» WHAT THE EXERCISE ASKS: Starting at the line below that contains "Be the first" and ending at the line that contains "Stacking games are", retype each line exactly as it stands, but omit the pictures.

» PROVIDED DATA:
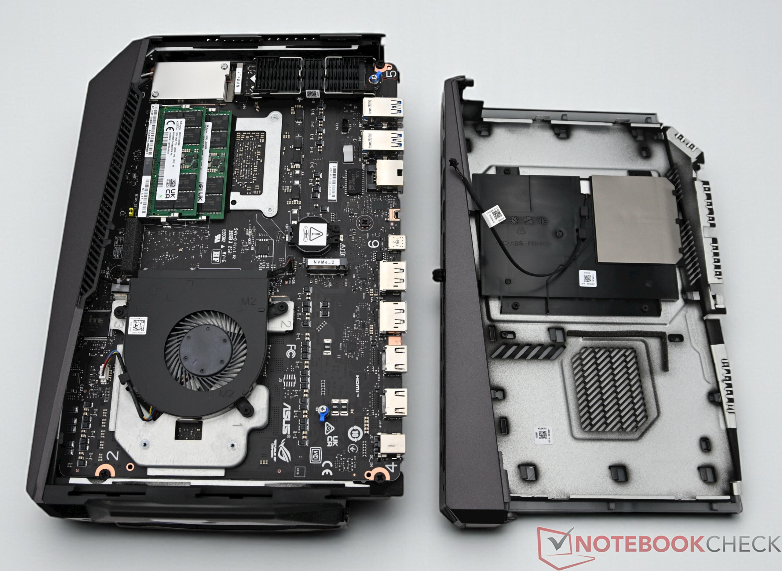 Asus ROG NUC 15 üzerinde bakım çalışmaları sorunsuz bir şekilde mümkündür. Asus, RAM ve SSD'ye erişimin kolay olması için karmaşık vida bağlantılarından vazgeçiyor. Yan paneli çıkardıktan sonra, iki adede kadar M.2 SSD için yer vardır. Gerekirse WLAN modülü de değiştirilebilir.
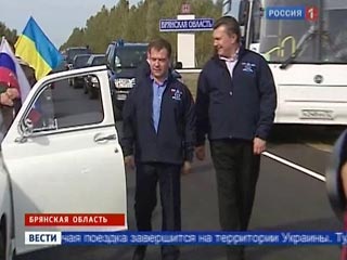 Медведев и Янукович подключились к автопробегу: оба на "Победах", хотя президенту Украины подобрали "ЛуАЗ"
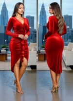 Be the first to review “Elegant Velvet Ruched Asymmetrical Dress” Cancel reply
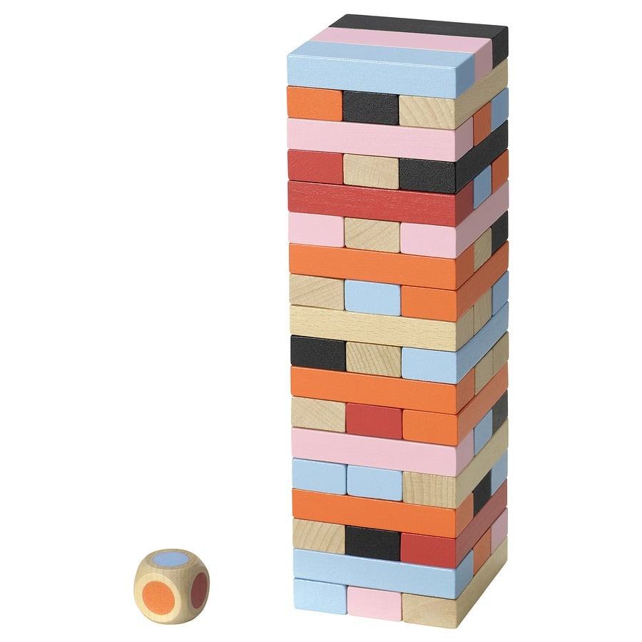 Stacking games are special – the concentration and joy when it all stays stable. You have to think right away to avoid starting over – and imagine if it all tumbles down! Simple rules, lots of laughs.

...

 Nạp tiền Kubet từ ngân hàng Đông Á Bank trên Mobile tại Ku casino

==

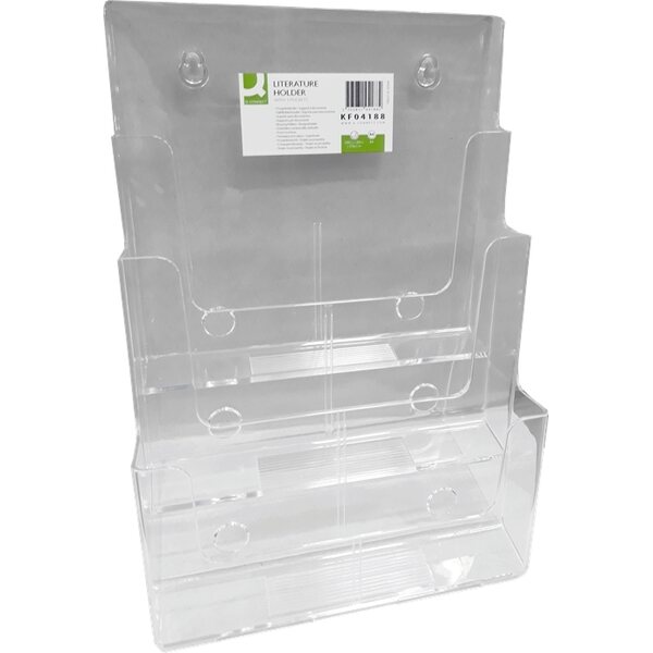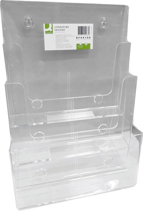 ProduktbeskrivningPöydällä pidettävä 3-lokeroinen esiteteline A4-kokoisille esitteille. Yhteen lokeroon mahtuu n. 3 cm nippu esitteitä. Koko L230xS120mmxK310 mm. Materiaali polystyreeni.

» TASK ANSWER:
 Be the first to review “Elegant Velvet Ruched Asymmetrical Dress” Cancel reply
 Stacking games are special – the concentration and joy when it all stays stable. You have to think right away to avoid starting over – and imagine if it all tumbles down! Simple rules, lots of laughs.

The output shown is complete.